Open a WebSocket to the voice endpoint with your pg_* API key as the token query parameter.

Open the WebSocket

wss://api.<region>.edge.polargrid.ai/v1/voice/personaplex
  ?voice=NATF0
  &persona=<url-encoded persona prompt>
  &token=pg_your_api_key
Default region is yto-01 (Toronto) if you omit it. As an alternative to the token query parameter, you can pass the credential via the WebSocket subprotocol header:
Sec-WebSocket-Protocol: bearer.pg_your_api_key

Voices

Pass one of the following as the voice query parameter. Do not include the .pt suffix.
GroupVoices
NATFNATF0NATF3
NATMNATM0NATM3
VARFVARF0VARF4
VARMVARM0VARM4

Wire protocol

All frames are binary. The first byte is a type tag; the remaining bytes are the payload.

Client → Server

TagPayloadNotes
0x01Opus audioOgg container, mono, 24 kHz
0x02UTF-8 textInject text into the conversation
0x03Control frame (bos or eos)Stream boundary markers

Server → Client

TagPayloadNotes
0x00HandshakeSent once, immediately after connect
0x01Opus audioGenerated speech
0x02UTF-8 textTranscript tokens
0x03 eos marks end-of-turn, not end-of-reply. Sending eos after your audio tells the agent you are done speaking. The agent completes its full reply after receiving eos. In builds prior to June 2026, eos interrupted the agent’s in-flight reply, causing truncated responses. If you integrated during the alpha and added workarounds for that behavior, retest without them.

Gotchas

Wait for the 0x00 handshake before sending any audio. The first audio bytes you send must be the Opus Ogg BOS (beginning-of-stream) page.

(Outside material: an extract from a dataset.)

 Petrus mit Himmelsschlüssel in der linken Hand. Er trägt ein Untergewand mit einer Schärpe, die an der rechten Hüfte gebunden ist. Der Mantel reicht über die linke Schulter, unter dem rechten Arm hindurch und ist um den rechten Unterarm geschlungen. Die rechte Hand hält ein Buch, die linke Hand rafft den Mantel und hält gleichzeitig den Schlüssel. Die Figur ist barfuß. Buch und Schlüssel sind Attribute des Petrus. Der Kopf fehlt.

If audio arrives before the handshake — or without a valid BOS page — the server closes the connection with code 1000.
Disable your WebSocket library’s heartbeat / ping. The upstream moshi runtime does not respond to RFC 6455 pongs, so a client-side ping timer will tear down an otherwise healthy session. Most libraries expose this as a ping_interval or heartbeat option — set it to 0 or None.
Sessions are billed by wall-clock duration. Close the socket as soon as the conversation is idle; an open connection keeps accruing cost even with no audio flowing.

Quickstart

Both examples below do the same thing: connect to PersonaPlex, send a pre-recorded audio file, and save the response audio to disk. Pick the language you prefer.

Prerequisites

  • A PolarGrid API key (get one here)
  • An input audio file (WAV, mono, 24 kHz recommended — other sample rates will be resampled)

Python

pip install websockets soundfile numpy opuslib
#!/usr/bin/env python3
"""Send an audio file to PersonaPlex and save the voice response."""

import argparse
import asyncio
import struct

import numpy as np
import opuslib
import soundfile as sf
import websockets

# ---------------------------------------------------------------------------
# Wire protocol tags
# ---------------------------------------------------------------------------
TAG_HANDSHAKE = 0x00   # Server → Client: session ready
TAG_AUDIO     = 0x01   # Both directions: Opus audio in Ogg container
TAG_TEXT      = 0x02   # Both directions: UTF-8 text
TAG_CONTROL   = 0x03   # Client → Server: stream boundary (eos)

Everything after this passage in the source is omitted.